When you reproduce the data, keep every word exactly as it stands and leave the pictures out.

(Data records)
--- START ---

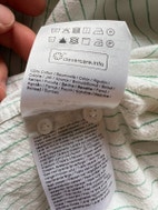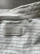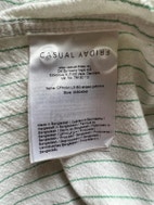 Lys skjorte med grønne striber og et broderet logo på brystet. Skjorten har lange ærmer og en knaplukning hele vejen ned. Den har en klassisk krave med knapper.
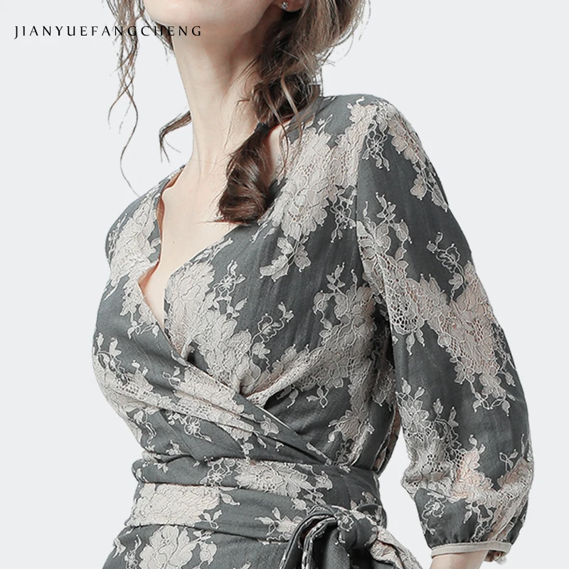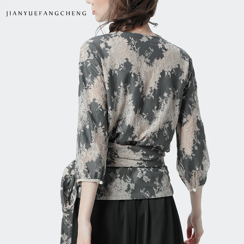 Get Lace shirt Floral Blouse Female Lantern 9/10 Sleeve With Crossed Lace Up Belt Cardigan Summer Tops
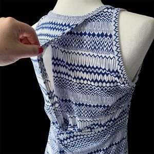 Stylish midi dress with a sleeveless design. Features a blue and white pattern. Perfect for casual outings.
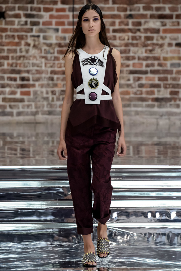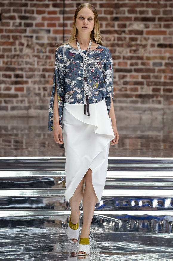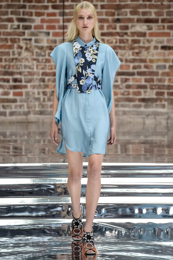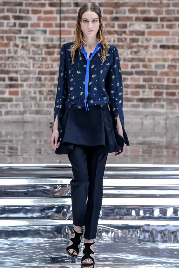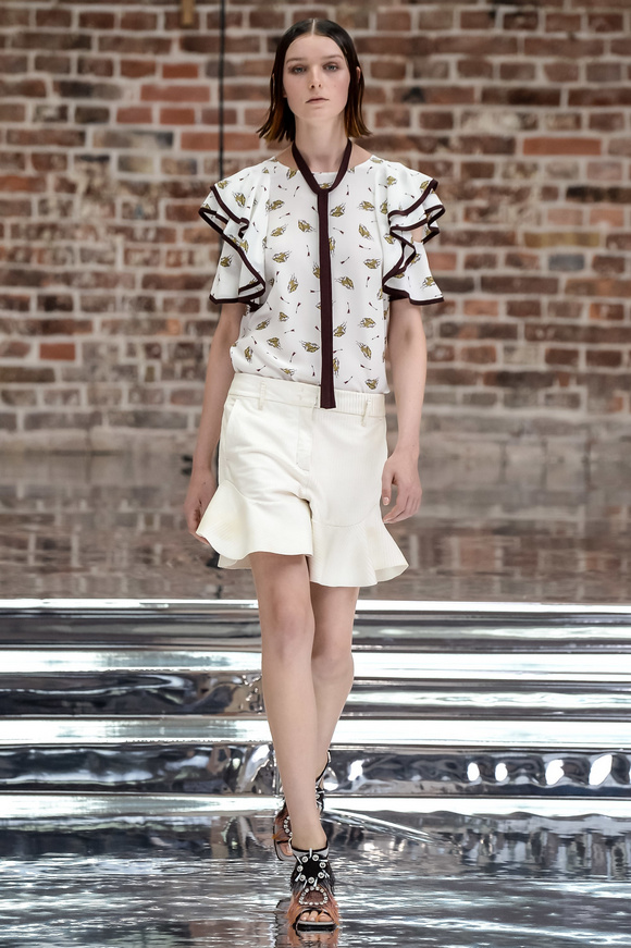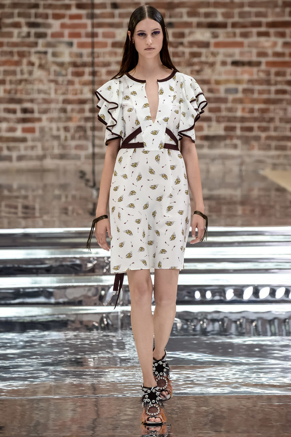 Schumacher 淑美赫 2017春季的看點(diǎn):輕浮、閃亮的胸針,荷葉的邊足夠吸睛。她始終以其獨(dú)特的方式巧妙地打破時(shí)尚傳統(tǒng)并且樹(shù)立了與眾不同的風(fēng)格,這其中融入了Dorothee Schumacher本人的幽默、輕松的生活態(tài)度以及她的心血。設(shè)計(jì)師通過(guò)對(duì)自我的認(rèn)識(shí)將其豐富的生活融為一體,并注入到設(shè)計(jì)當(dāng)中。
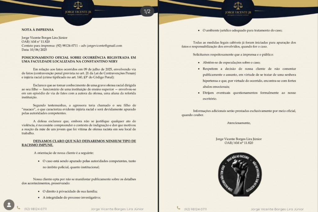 Em nota, o Centro Universitário Fametro repudiou as agressões e qualquer ato racista. De acordo com o comunicado emitido pela universidade, os responsáveis estão apurando o caso e devem ouvir as partes envolvidas. Após isso, as medidas cabíveis devem ser tomadas. (Leia a íntegra ao final da matéria).
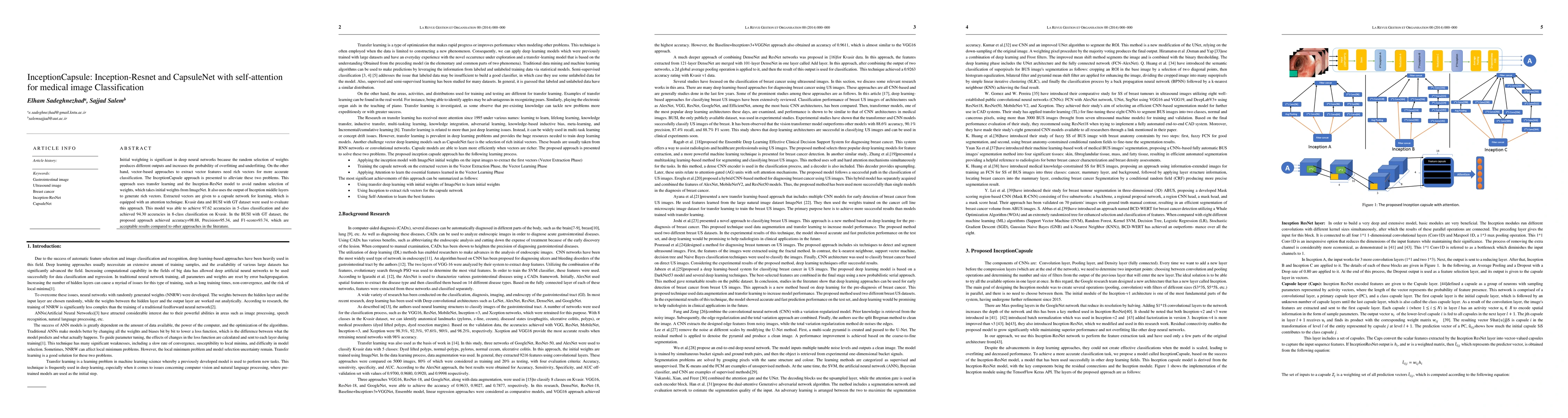 InceptionCapsule combines Inception-ResNet and CapsuleNet with self-attention for medical image classification, utilizing transfer learning to mitigate overfitting and underfitting. The model achieved high accuracy rates on Kvasir and BUSI datasets, demonstrating its effectiveness in medical image classification.
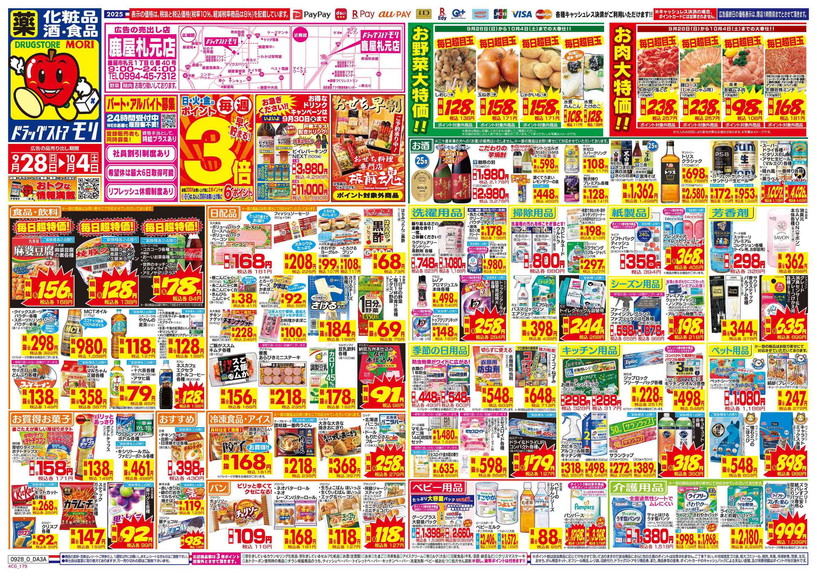 ドラッグストアモリ鹿屋札元店今週のチラシ(2025年9月29日〜10月5日)

--- END ---

--- Answer to this task ---
 Lys skjorte med grønne striber og et broderet logo på brystet. Skjorten har lange ærmer og en knaplukning hele vejen ned. Den har en klassisk krave med knapper.
 Get Lace shirt Floral Blouse Female Lantern 9/10 Sleeve With Crossed Lace Up Belt Cardigan Summer Tops
 Stylish midi dress with a sleeveless design. Features a blue and white pattern. Perfect for casual outings.
 Schumacher 淑美赫 2017春季的看點(diǎn):輕浮、閃亮的胸針,荷葉的邊足夠吸睛。她始終以其獨(dú)特的方式巧妙地打破時(shí)尚傳統(tǒng)并且樹(shù)立了與眾不同的風(fēng)格,這其中融入了Dorothee Schumacher本人的幽默、輕松的生活態(tài)度以及她的心血。設(shè)計(jì)師通過(guò)對(duì)自我的認(rèn)識(shí)將其豐富的生活融為一體,并注入到設(shè)計(jì)當(dāng)中。
 Em nota, o Centro Universitário Fametro repudiou as agressões e qualquer ato racista. De acordo com o comunicado emitido pela universidade, os responsáveis estão apurando o caso e devem ouvir as partes envolvidas. Após isso, as medidas cabíveis devem ser tomadas. (Leia a íntegra ao final da matéria).
 InceptionCapsule combines Inception-ResNet and CapsuleNet with self-attention for medical image classification, utilizing transfer learning to mitigate overfitting and underfitting. The model achieved high accuracy rates on Kvasir and BUSI datasets, demonstrating its effectiveness in medical image classification.
 ドラッグストアモリ鹿屋札元店今週のチラシ(2025年9月29日〜10月5日)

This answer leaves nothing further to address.